▎ 摘　　要

Psoriasis is a chronic inflammatory disease that can be effectively treated using topical cyclosporine. However, topical delivery is extremely challenging owing to the physicochemical nature of cyclosporine, as well as the thick psoriatic stratum corneum. In the present study, for the first time, we attempted to formulate a cyclosporine-loaded Pluronic (R) F127 stabilized reduced graphene oxide hydrogel to improve cyclosporine permeation and retention in the affected tissue for effective psoriasis treatment. The attachment of Pluronic (R) F127 on reduced graphene oxide was confirmed using Fourier transform infrared spectroscopy, Raman spectroscopy, and X-ray diffraction.

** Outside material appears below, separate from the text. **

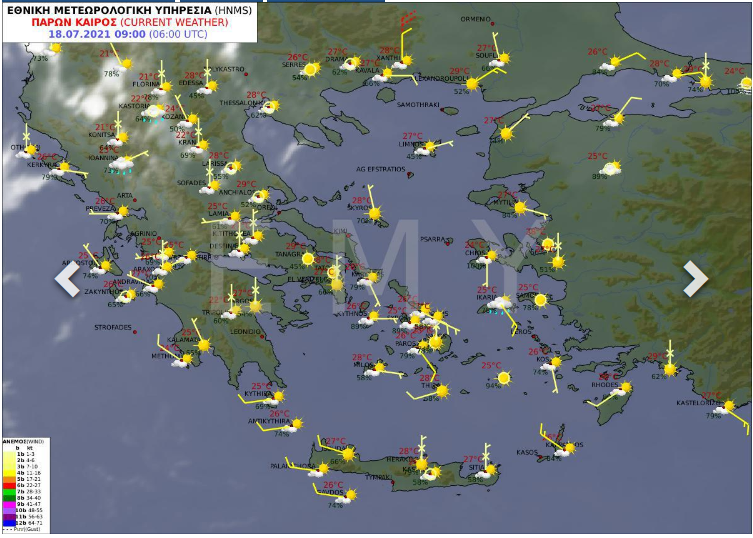 Θερμοκρασία: Από 23 έως 32 και στην Κρήτη έως 34 βαθμούς Κελσίου.
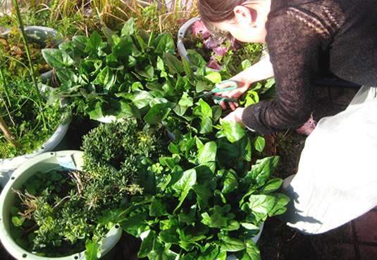 妖精にお願いしてほうれん草収穫。

The scanning electron microscopy image demonstrated a wrinkled and flattened nanosheet surface with Pluronic (R) F127 micelles. Ex vivo permeation data demonstrated an increase in cyclosporine permeation with increasing levels of reduced graphene oxide in the hydrogel. The hydrogel showed sufficient mechanical properties (texture analyzer report) for topical application, without any sign of irritation on rabbit skin. In the drug retention study, the C-P-rGO-500 hydrogel demonstrated maximum drug trapping inside the skin tissue. In the efficacy study in mice, the C-P-rGO-500 hydrogel decreased hyperplasia and tissue damage in psoriatic skin. Thus, the ability of the reduced graphene oxide nanocarrier to improve cyclosporine permeation, as well as retention in skin tissue, could be successfully utilized for effective psoriasis treatment, minimizing side effects encountered with oral and systemic routes.